Rohingya Muslims are a people without a state. This is at the center of an ongoing humanitarian crisis in South Asia and the biggest obstacle to finding a solution. DW examines Myanmar's controversial citizenship laws.

Bangladesch | Rohingya-Flüchtlingslager rund um Cox's Bazar
Image: DW/ P. Vishwanathan

According to the UN, in the past two months, around 600,000 Rohingya have fled across the border of Myanmar to Bangladesh. The international community and Bangladesh are both working hard to prevent a humanitarian catastrophe in the rapidly growing refugee camps – but nobody actually feels responsible for the stateless Rohingya.

This especially includes Myanmar - where the majority of Rohingya are located, where they have faced widespread discrimination for decades and are considered to be "illegal" immigrants. But no other country in the world officially recognizes the Rohingya as citizens. A long term, sustainable solution to the current crisis is not possible as long as the Rohingya remain a stateless population.

The issue of statelessness was also included in the final report from The Advisory Commission on Rakhine State, an independent body chaired by former UN chief Kofi Annan with the objective of providing recommendations on the troubled region to the government of Myanmar.

As a stateless people, Rohingya are in a sense outlawed. This is also related to the fact that statelessness is not provided for in international law.

"International law assumes that every human being belongs to a state, which is the norm," Martin Stiller, a lawyer from Vienna, who wrote his doctoral thesis about statelessness, told DW.

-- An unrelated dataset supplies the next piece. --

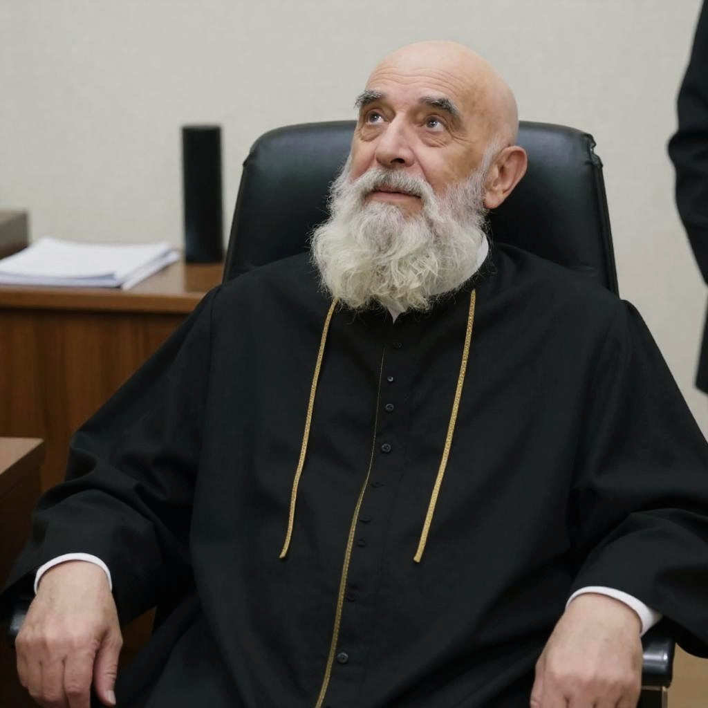 Photograph of an older man with a gray cap, gold-framed glasses, and long white beard, focusing intently on a small, shiny, round object in his hand. He wears a black coat with a fur collar. Background is blurry with metallic and red elements. His expression is concentrated.

Read more: Myanmar's Aung San Suu Kyi visits conflict-torn Rakhine region

Read more: Rohingya people in Myanmar: what you need to know

Identification documents from a Rohingya refugee at Cox's Bazaar refugee camp in BangladeshImage: DW/ P. Vishwanathan

Statelessness not illegal

A 1954 UN convention on the legal status of stateless persons stipulates that stateless individuals cannot be treated worse than foreigners with a nationality. A 1961 convention was intended to help prevent statelessness by proposing rules for granting nationality and making it more difficult to remove.

Both Myanmar and Bangladesh are not parties to the convention and despite UN conventions, countries that impose statelessness on populations are not violating international law, per se.

"Even if it is frowned upon by many countries and international organizations, statelessness isn't forbidden by international law," said Stiller, adding that every country has the possibility to determine the requirements a person must fill to acquire nationality.

"If a person doesn't fill these requirements, then no citizenship is acquired, for example, at birth," he said. "Countries are relatively free in this sense, although the requirements may not violate international law."

Myanmar's race-based citizenship

Myanmar's citizenship laws, enacted in 1982, do not violate international law, but are problematic in that they are strongly oriented on ethnicity. The laws are a continuation of those from 1948, in which citizenship is considered for those belonging to one of the eight recognized indigenous ethnicities that have been settled in the country since the end of British colonialism in 1823 (Arakanese, Bamar, Chin, Kachin, Karen, Kayin, Mon or Shan).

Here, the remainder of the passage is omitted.